Upon graduating from Inside Out, inmates are invited to meet regularly with a mentor – including after their release. Sam successfully negotiated The Gap before the course was available, having served a 21-year sentence. He is made of strong stuff, but openly admits that, after his release, “There were times when I sat down and cried, because it was all too hard.” Sam now urges inmates to find a mentor to support them on their journey through The Gap. He promotes Inside Out because it helps inmates to “get real” about the difficulties that lie ahead of them and to see the benefit of talking through the issues with a mentor who they trust.
Prison Fellowship’s partnership with Onesimus Foundation brings together volunteers from both sides of The Gap – some working predominantly on the inside (with current prisoners) and others working mostly on the outside with ex-inmates and with families.
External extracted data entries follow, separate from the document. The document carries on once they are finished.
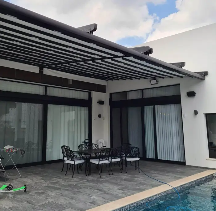 כן. ניתן להוסיף מערכות הצללה נוספות בהתאמה לפרגולה קיימת. - מה האפשרויות לסגירת צדדים של הפרגולה?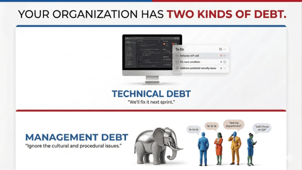 Here's what makes it dangerous: technical debt throws errors. You get a signal. Management debt just makes the whole system feel like it's running through mud — and leaders are often the last to see it because they're the ones who created it.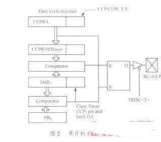PICl6C73是一款中档单片机,PICl6C73内部有两个CCP(Capture、Compare、PWM)模块,当它工作在PwM模式下,CCP x引脚就可以输出占空比10位分辨率可调的方波,图2为其工作原理图。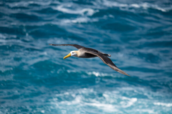 Al repertorio se suma, por temporada, el albatros ondulado. Entre abril y diciembre, el ave más grande del archipiélago vuelve a la isla para anidar. Pese a registros limitados en la isla de la Plata, frente a la costa continental ecuatoriana, el albatros ondulado es un estandarte de Española.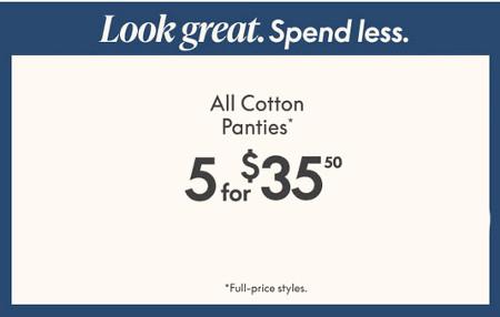 Hurry! Shop in store and get all cotton panties 5 for $35.50.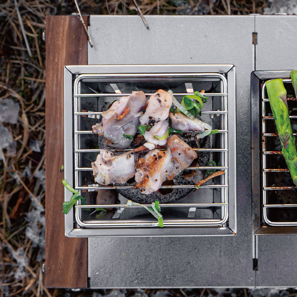 ブランド Mt.SUMI (マウントスミ) 商品名 パーフェクトグリル マイクロスクエア カラー シルバー サイズ 【展開時】:W11.5 × D11.5 × H9cm 【収納時】:W11.5 × D11.5 × H1.5cm 重量 約400g 材質 ステンレス EAN/JAN 4589804103484Mt.SUMI マウントスミ パーフェクトグリル マイクロスクエア 一つの素材を、自分のためにじっくりと焼く”ためのグリル バーベキューは意外と忙しく、素材をじっくり味わえないこともしばしば。 「自分のために、素材を少しずつじっくり焼いて楽しむ」ことをコンセプトに、超小型サイズの「パーフェクトグリル マイクロ」が誕生しました。 ソロキャンプでも、このグリルを持ち寄ってのグループキャンプでも、素材別にバーベキューをしたい時などに活躍できるグリルです。 ポケットサイズで携帯性抜群 展開時でも手のひらに収まる W11.5cm × D11.5cm × H9cm の超小型グリル。 折りたたむと厚さはなんと 1.5cm! 持ち運びやすく コンパクトに収納できます。 最小限の燃料で効率よく使用できる 円型の成形炭が一つ入る設計で、最小限の燃料で効率よく調理ができるため、荷物を減らしてキャンプを楽しみたい方にもおすすめ。 風防や五徳としても使用可能 アルコールストーブや固形燃料を中に入れ、風防や五徳としても使用できます。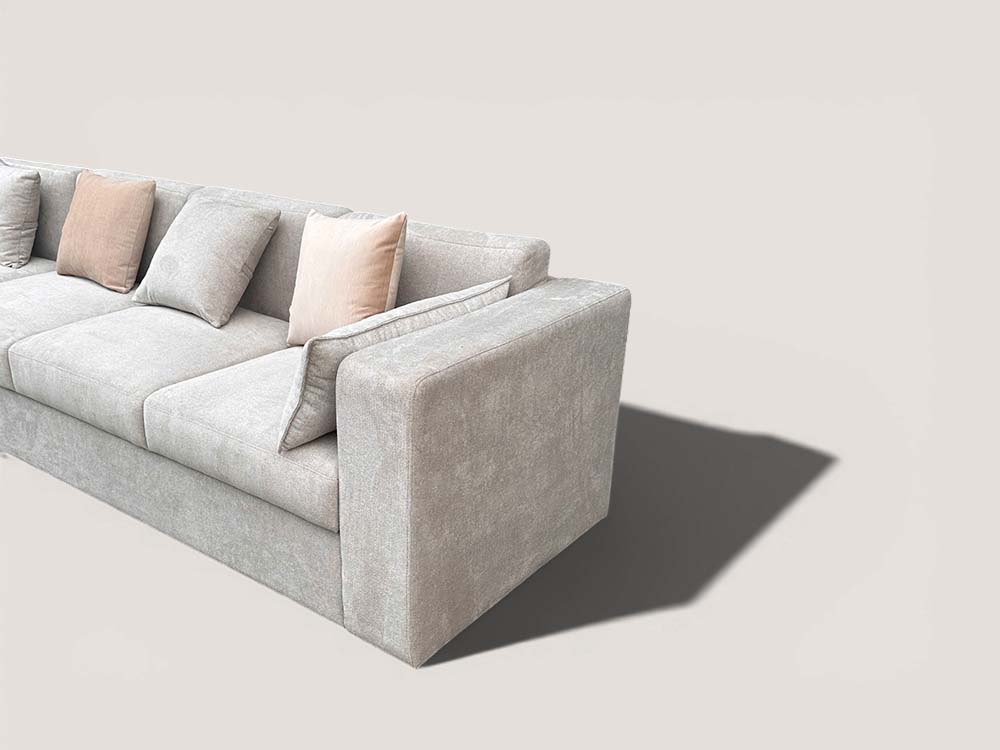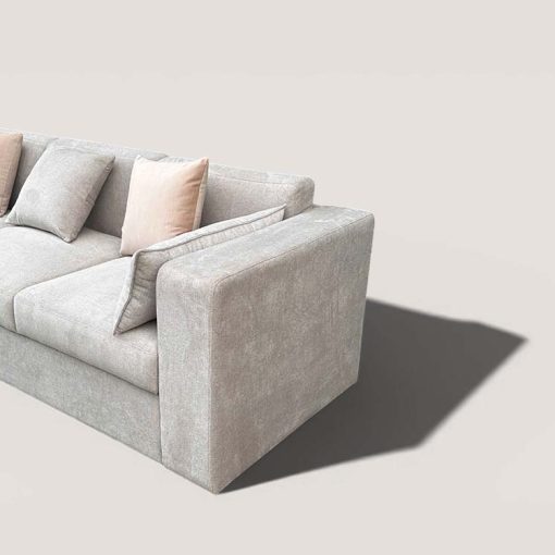 Sofa có dáng chữ L tiện dụng, giúp tận dụng tối đa diện tích phòng khách mà vẫn tạo không gian mở, rộng rãi. Phần tay ghế vuông vắn, đệm ngồi dày dặn cùng tựa lưng rời mang đến vẻ đẹp cân đối và hiện đại.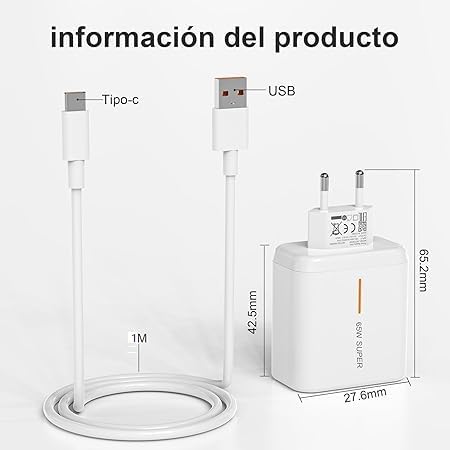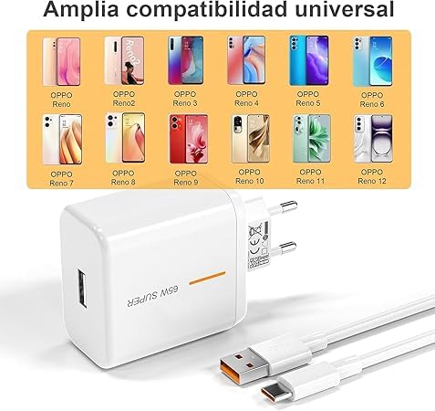 Generic - شاحن سريع 65 واط مع كابل USB C بطول 1 م، متوافق مع موبايلات اوبو رينو 8 تي وفايند N2 وفليب X5 برو وX5 لايت وX3 نيو وX3 برو ورينو 7 برو و6 برو وA54 وA57، بالإضافة إلى ون بلس 11 و10T ونورد 2T
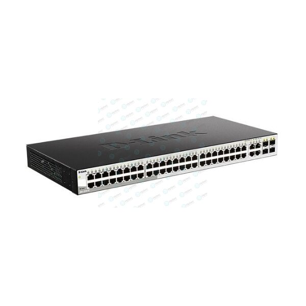 Коммутатор DGS-1210-52, кабель питания, фиксатор для кабеля питания, 2 крепежных кронштейна для установки в 19-дюймовую стойку, 4 резиновые ножки, комплект для монтажа, краткое руководство по установке
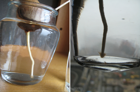 器の底に到達したので、根の先が、矢印のようになっておりました。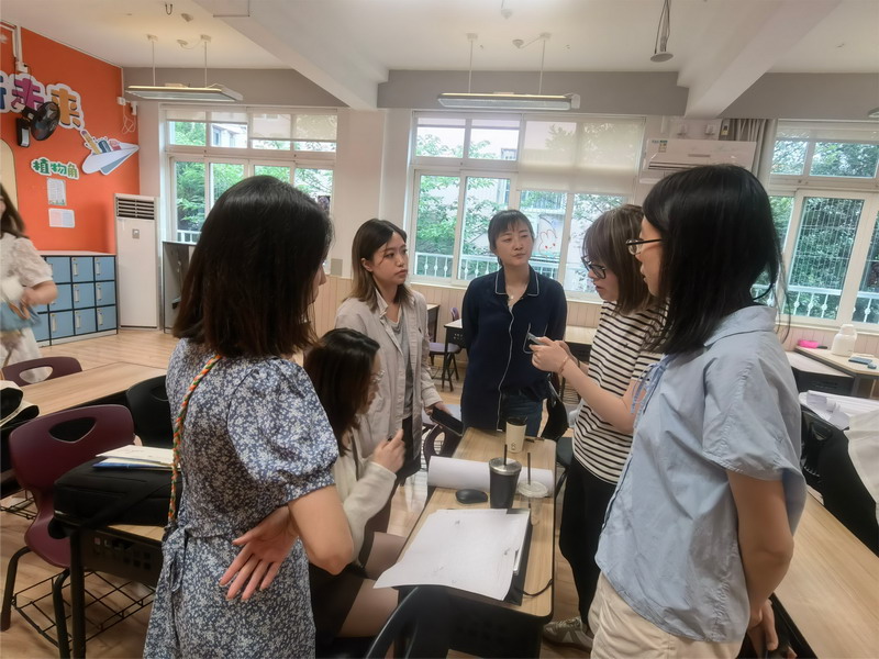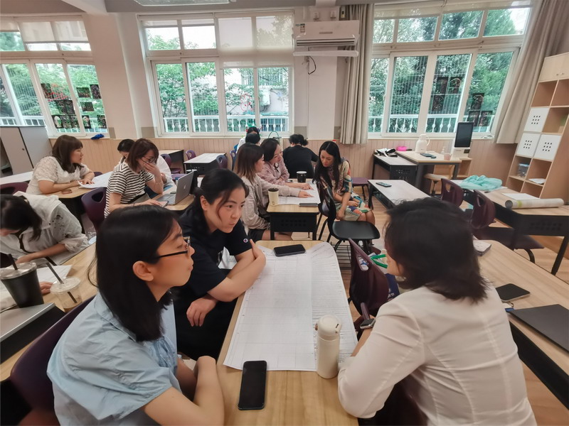 首先,大組長孔琦老師向全體英語教師就本次暑期培訓內容作通識宣講,并指導大家完成智學通app的升級工作。接下來便是此次培訓的重頭戲——基于國家課程標準的世外英語學科課程修訂。老師們研讀了更新版的基于主題探究的單元整體規劃流程,并對基于年段的目標進行了討論。隨后,大組長徐璐婧老師通過范例為大家講解了單元設計工具表。老師們明確了要在“意識先行,行為跟進”的理念下,以新課標意識引導教學行為,英語組開啟了逐年逐步全學段的修訂大工程。
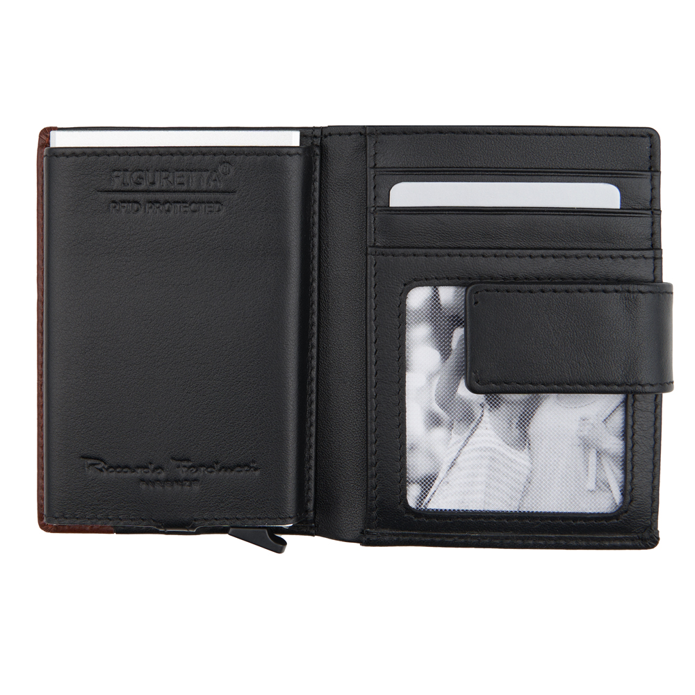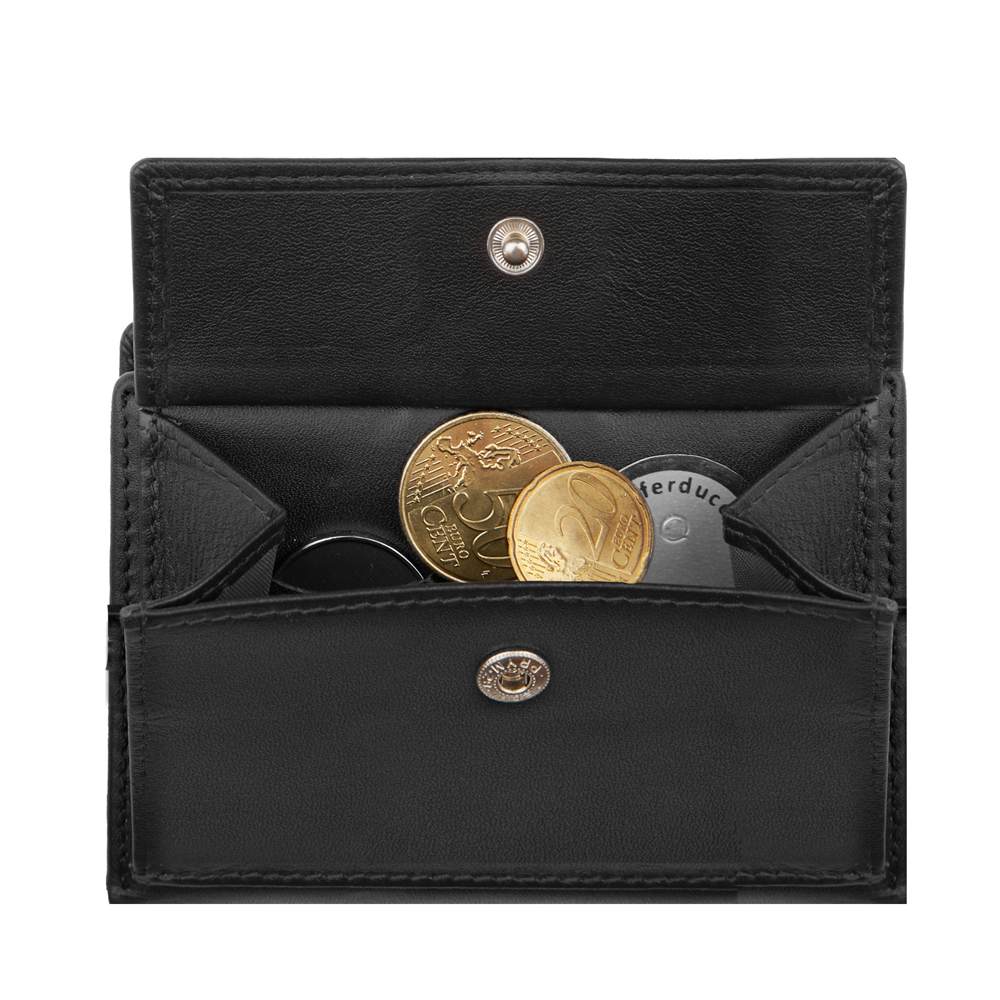 1 RFID Hacker Protection, 1 Metal Cardprotector – für 6 Kreditkarten, 2 Kreditkartenfächer, 2 Steckfächer, 1 Klarsichtfach, 1 Münzfach, 1 Fach für Einkaufswagen-Jeton inkl. Jeton, 1 Fach für den Schlüssel, 1 Notenfach, 4 Kreditkartenfächer im Notenfach, 1 Sicherheitsverschl. mit Druckknopf, außen

The setting for the course is special. It is held in a low security facility, representing a significant level of trust in the participants by prison management. Participation is a privilege, and this alone elicits a positive response from the inmates. Each week, participants share a home cooked meal with the facilitators. They then spend the afternoon discussing their plans to journey through The Gap. Personal testimonies, written reflections and practical exercises fuel the discussion – most of which takes place in small groups.
You will not be surprised to learn that not all participants experience the complete recovery that we might all hope for, and that not all graduates have been able to negotiate The Gap successfully. The good news is that this partnership, utilising Prison Fellowship volunteers, good food, good fellowship and “real life” discussions have combined to change the lives of many inmates who have now been able to “reclaim the second half of their lives” – as Sam has done.